The most famous decision in this category is by far Decision n° 405/2016. The decision concerned the Criminal Code, i.e. the criminal offense of “abuse of office”. The Court assessed the legal texts that incriminate this corruption offense through the lens of the standards of the European Court of Human Rights that are incorporated into Romanian law and also from the perspective of the constitutional provisions on the rule of law: equality and the right to a fair trial. Thus, the Court found that the Criminal Code text lacked clarity and predictability, as it provided that “abuse of office” to “defectively fulfill” by a public servant of his/her official duties. The expression “defectively fulfill” was considered too vague and the Court indicated that it should read “fulfills by infringing the law” for clarity. Moreover, the Court explained in detail the intended meaning of the term “law”, which was not defined in the challenged legal text: in order to engage the criminal responsibility, “law” must be understood in the narrow sense of “act of Parliament or delegated legislation (ordinances adopted by the Government)”. Therefore, in the Court’s view, an act infringing any other normative act than a piece of primary legislation should not be considered a criminal offense. While acknowledging that “the Parliament is free to decide the criminal law policy of the state” and that the Court itself “does not have the competence to engage in the field of law-making and of the criminal policy of the state”, the Constitutional Court held that this policy must be made according to the constitutional principles and values, among which is the predictability of the law. In the obiter dictum of the same decision, the Court made other clarifications regarding the notion of “criminal act” from the point of view of the offense of abuse of office. Despite all these arguments, the Court did not specifically declare the impugned legal text unconstitutional. It adopted an “interpretative decision” instead by saying that the referral of unconstitutionality is admitted (a verdict that usually applies for rulings of unconstitutionality), but the text is constitutional “as long as is interpreted” as imposed by the Court in the obiter dictum.
V. Conclusion
This report shows that in 2016, in the absence of political turmoil, the constitutional debate in Romania shifted to an identitarian discourse on the constitutional definition of the notion of “family”. At the same time, the lack of political battles between the parliamentary majority and the technocratic Government led to the absence of requests to solve constitutional conflicts and to the focus of the Court on the constitutionality of legislation and fundamental rights. The Court reiterated some of its previous jurisprudential developments of principle, especially as regards the quality of the laws: respect of the principle of bicameralism, clarity and predictability, and continued to make extensive references to European Human Rights law and soft law (ECtHR case law, documents of the Venice Commission).
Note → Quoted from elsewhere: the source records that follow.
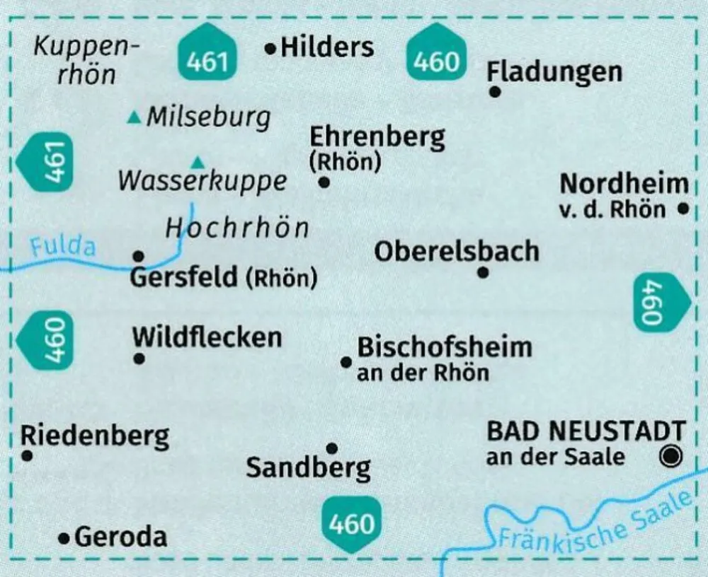 Plaatsen op de kaart: hilders, Fladungen, Milseburg, Gersfeld, Bischofsheim an der Rhön, Bad Neustadt an der Saale, Wildflecken, Sandberg, Riedenberg.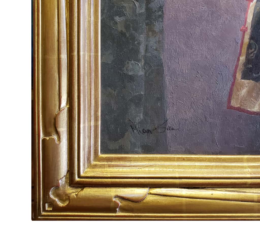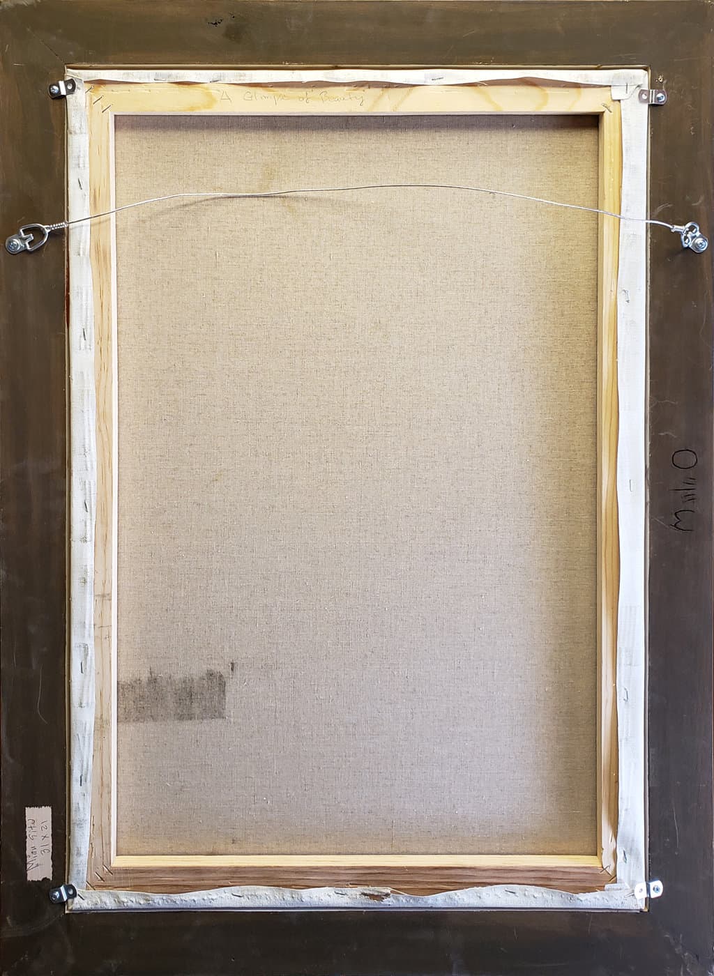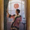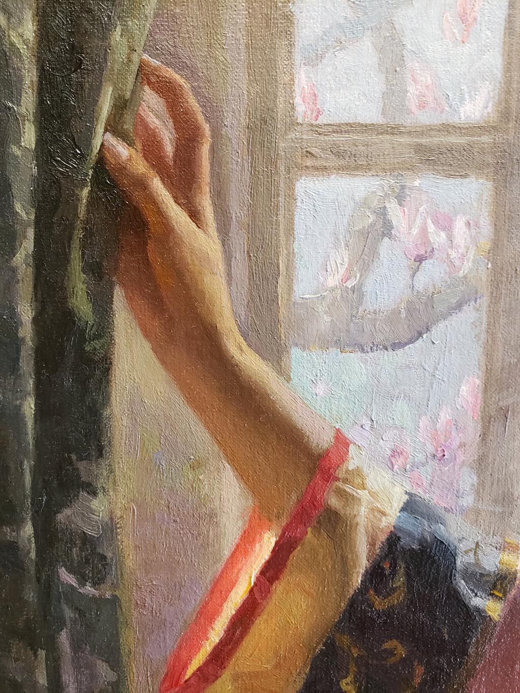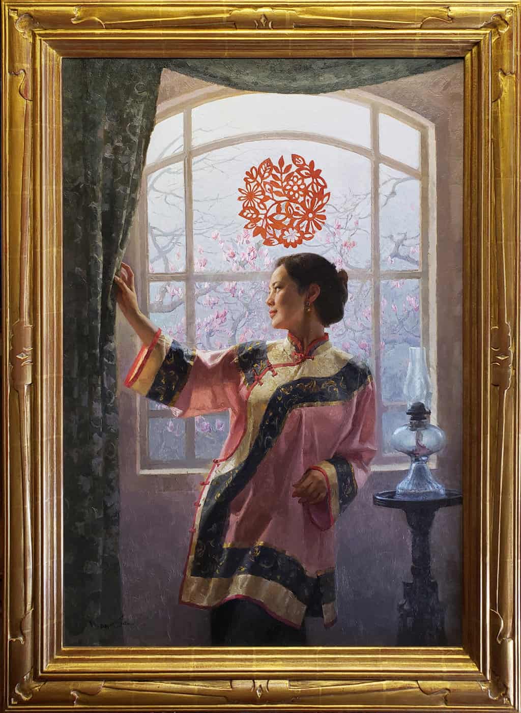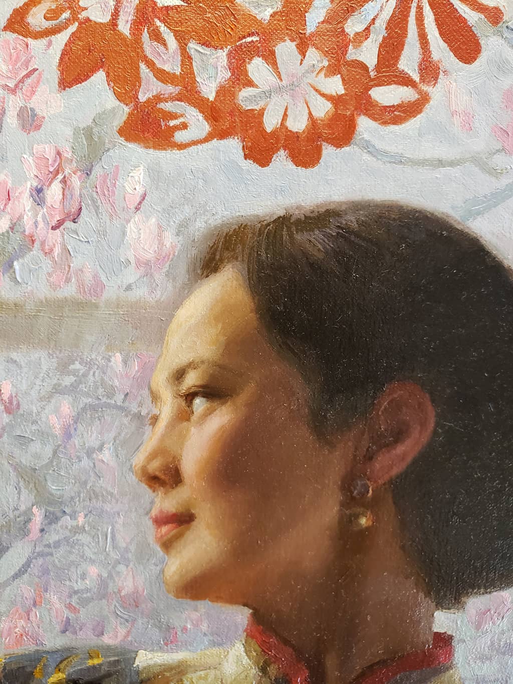 The artist portrays his wife, Gloria, in an elegant and refined setting. Her sinuous pose and assured profile project a sense of beauty and confidence. The drape of her pink silk robe hearkens back to her Chinese ancestry and its contrasting embroidered border creates a diagonal line that exudes a feeling of strength. Outside is cool and fresh, the beginning of spring; and the Glimpse of Beauty is viewed from either side of the window.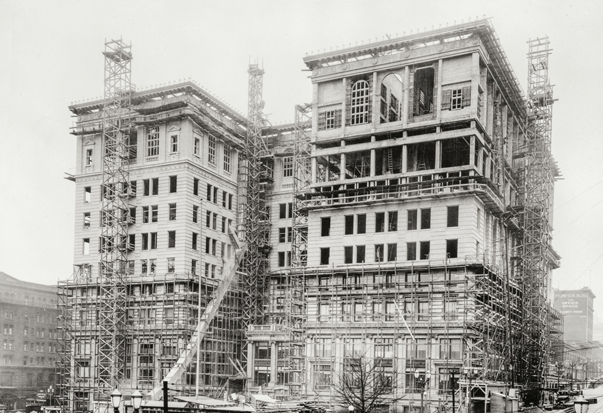In 1914, the new courthouse construction was under way. Together with contractors Puget Sound Bridge & Dredging, architect A. Warren Gould constructed a five-story steel frame and reinforced concrete structure which was dedicated May 4, 1916, for a total cost of $1,271,645.83.

[1] For a detailed insight, see Bianca Selejan-Guțan, The Constitution of Romania. A Contextual Analysis, Oxford, Hart Publishing, 2016.
[2] https://ec.europa.eu/info/effective-justice/rule-law/assistance-bulgaria-and-romania-under-cvm_en.
[3] E.S.Tănăsescu, “The President of Romania or the slippery slope of a political regime”, European Constitutional Law Review n°1/2008, p. 64-97.
[4] Bianca Selejan-Guțan, op.cit., pp.172-181.
[5] http://www.nineoclock.ro/mayor-catalin-chereches-suspended-after-he-was-sworn-in/.
[6] See decisions n°246, n°286, n°287, n°288, n°289, n°290, n°292, n°354, n°355, n°356, n°357, n°358, n°359, n°360, and n°534 all of 2016.